RECORDED DATA ::
..........
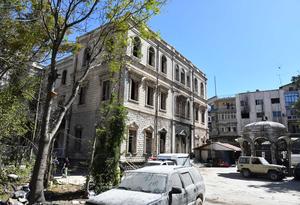 (251002) -- DAMASCO, 2 octubre, 2025 (Xinhua) -- Imagen del 1 de octubre de 2025 de un edificio histórico que también es la antigua sede del Ministerio del Interior de Siria visto después de que parte de su techo colapsara durante la renovación en la Plaza Marjeh, en el centro de Damasco, Siria. (Xinhua/Ammar Safarjalani) (rtg) (ra) (vf)
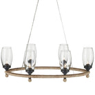 The perfect combination of natural and industrial materials, the Hightider Glass Oval Chandelier has recycled glass shades and wrought iron hardware in a French black finish. The abaca rope that is wrapped around the ring of the nautical pendant brings it a hint of texture. Clarence Mallari's original inspiration came from the small bells used by people selling ice cream in the Philippines. The aircraft cable on which the rope chandelier suspends keeps the design light.
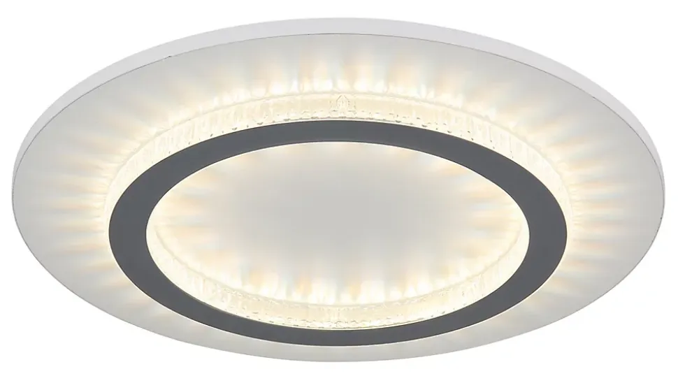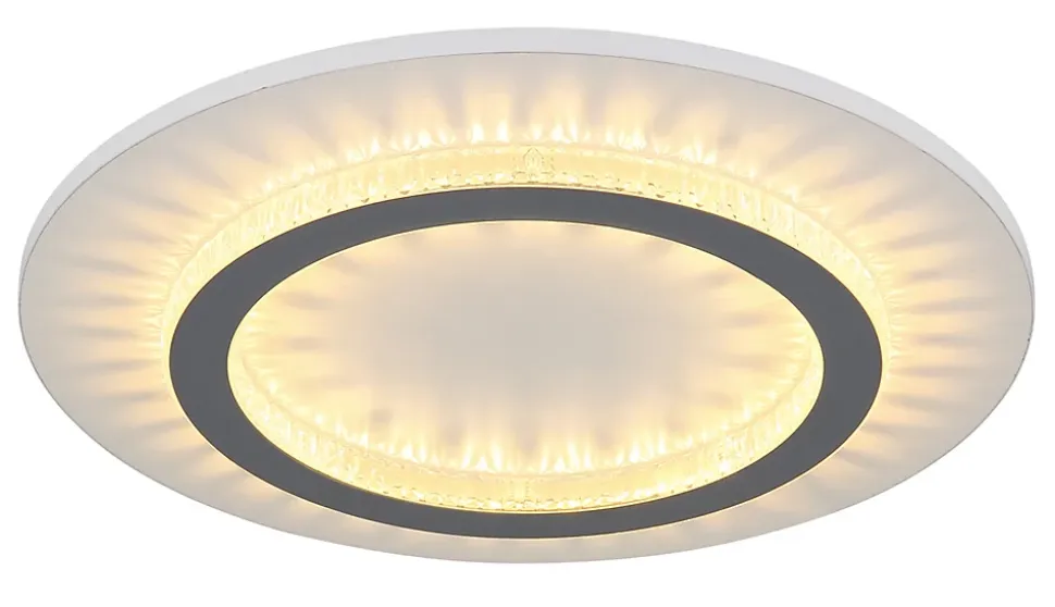 Plafonnier métal blanc mat, plastique blanc mat, cristaux en plastique translucide, plastique gris clair mat, Plusieurs intensités à gérer par un interrupteur mural, couleur fixe, Fonction de mémoire, ø: 350mm, H: 55mm, incl. LED 24W 230V, 3300lm Source, 920lm Output, CCT 3000/4000/6500K
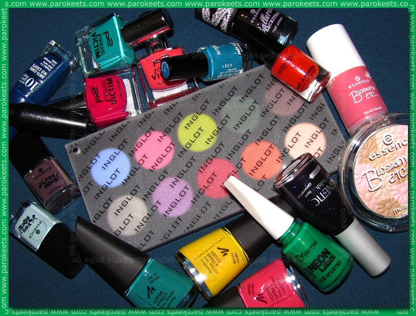 - Essence: Flowerkissed blush; Flower Power powder, Grand-plie in Black polish; Speed of Light Blue polish, Love, Peace and Purple polish;
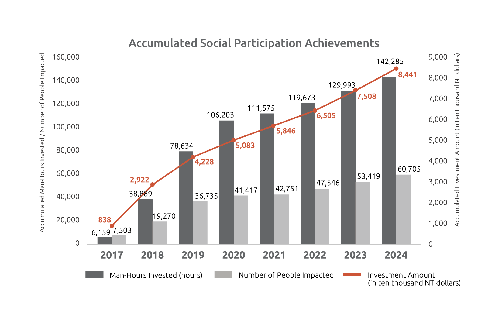 Since 2017, the Group’s cumulative investment in social initiatives has exceeded NT$84.41 million with over 140,000 hours of manpower contributed. During this period, the Group has hosted nearly 2,000 events and engaging more than 60,000 stakeholders, generating a positive social impact. In 2024, the Group has invested over NT$9.33 million and 12,292 hours of manpower, organizing a total of 436 events through both formal and informal channels, reaching approximately 7,286 stakeholders across various levels.
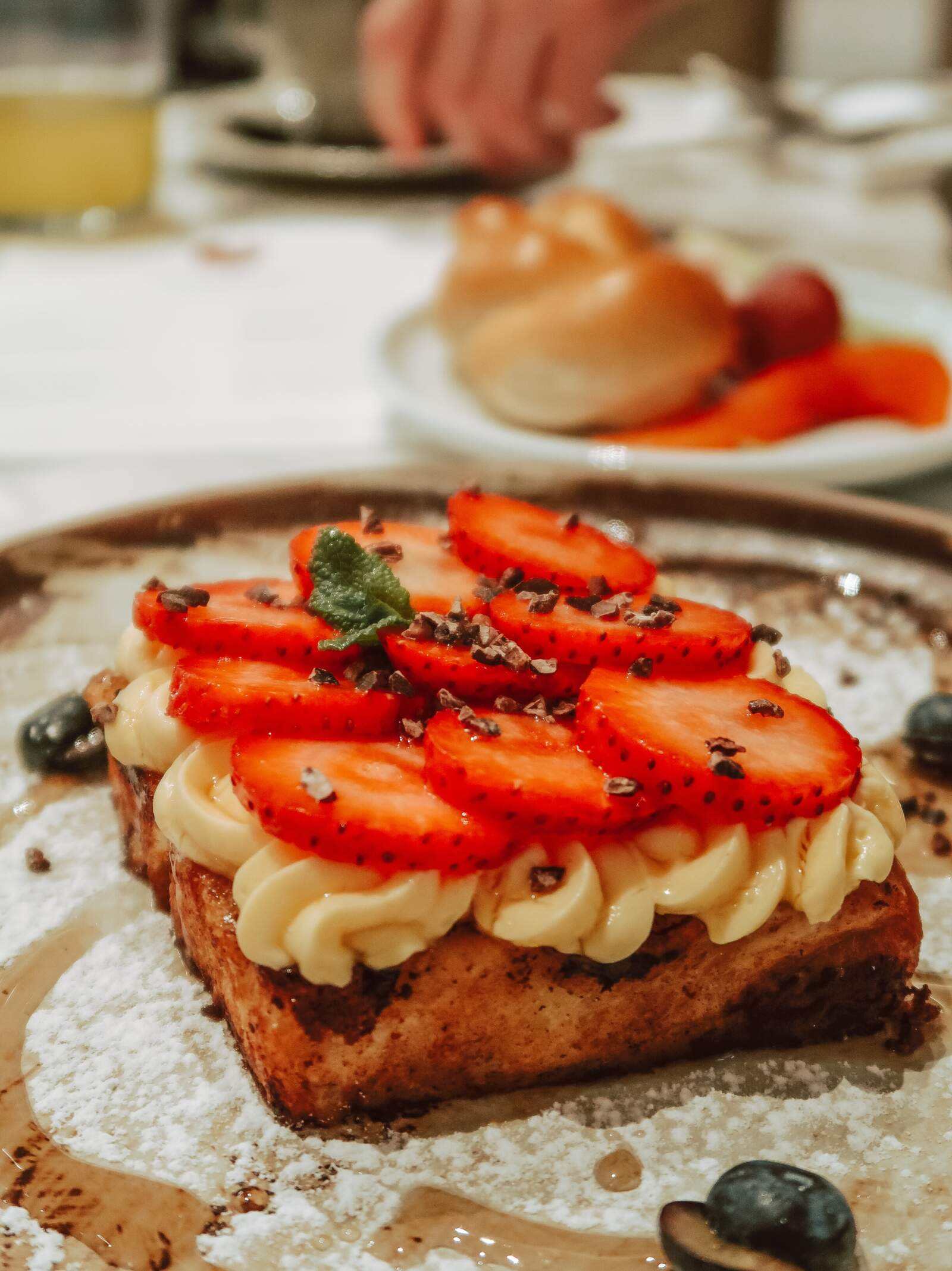 Being our first full day in the city, we got up early and fuelled up with a hotel breakfast. Andaz Prague’s morning menu is so dreamy, with a choice of dishes you can order alongside a traditional continental breakfast. While Jake ordered the ‘meat lover’s breakfast’ every morning, I enjoyed dishes like strawberries on French toast, Turkish eggs and decadent filled hazelnut and chocolate croissants.
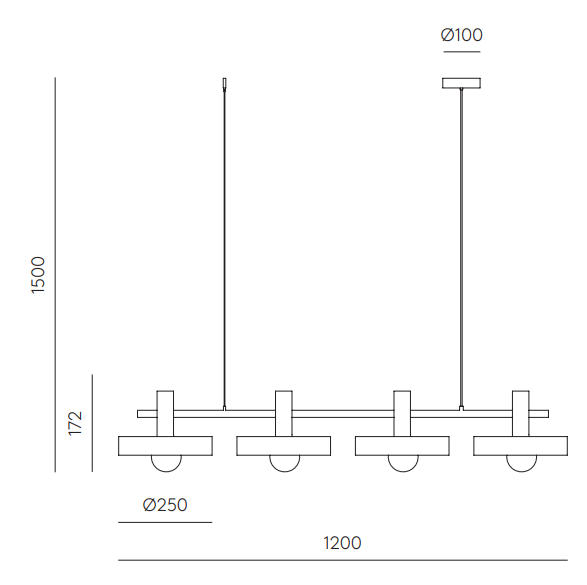 Светильник оснащён 4 патронами E27; максимальная мощность ламп — 60 Вт; напряжение 220–240 В; частота 50/60 Гц; степень защиты IP20; энергетическая маркировка A++.
..........
EXERCISE DIRECTIONS :: This task calls for the listing to be restated exactly, with images omitted.

TASK OUTPUT ::
 (251002) -- DAMASCO, 2 octubre, 2025 (Xinhua) -- Imagen del 1 de octubre de 2025 de un edificio histórico que también es la antigua sede del Ministerio del Interior de Siria visto después de que parte de su techo colapsara durante la renovación en la Plaza Marjeh, en el centro de Damasco, Siria. (Xinhua/Ammar Safarjalani) (rtg) (ra) (vf)
 The perfect combination of natural and industrial materials, the Hightider Glass Oval Chandelier has recycled glass shades and wrought iron hardware in a French black finish. The abaca rope that is wrapped around the ring of the nautical pendant brings it a hint of texture. Clarence Mallari's original inspiration came from the small bells used by people selling ice cream in the Philippines. The aircraft cable on which the rope chandelier suspends keeps the design light.
 Plafonnier métal blanc mat, plastique blanc mat, cristaux en plastique translucide, plastique gris clair mat, Plusieurs intensités à gérer par un interrupteur mural, couleur fixe, Fonction de mémoire, ø: 350mm, H: 55mm, incl. LED 24W 230V, 3300lm Source, 920lm Output, CCT 3000/4000/6500K
 - Essence: Flowerkissed blush; Flower Power powder, Grand-plie in Black polish; Speed of Light Blue polish, Love, Peace and Purple polish;
 Since 2017, the Group’s cumulative investment in social initiatives has exceeded NT$84.41 million with over 140,000 hours of manpower contributed. During this period, the Group has hosted nearly 2,000 events and engaging more than 60,000 stakeholders, generating a positive social impact. In 2024, the Group has invested over NT$9.33 million and 12,292 hours of manpower, organizing a total of 436 events through both formal and informal channels, reaching approximately 7,286 stakeholders across various levels.
 Being our first full day in the city, we got up early and fuelled up with a hotel breakfast. Andaz Prague’s morning menu is so dreamy, with a choice of dishes you can order alongside a traditional continental breakfast. While Jake ordered the ‘meat lover’s breakfast’ every morning, I enjoyed dishes like strawberries on French toast, Turkish eggs and decadent filled hazelnut and chocolate croissants.
 Светильник оснащён 4 патронами E27; максимальная мощность ламп — 60 Вт; напряжение 220–240 В; частота 50/60 Гц; степень защиты IP20; энергетическая маркировка A++.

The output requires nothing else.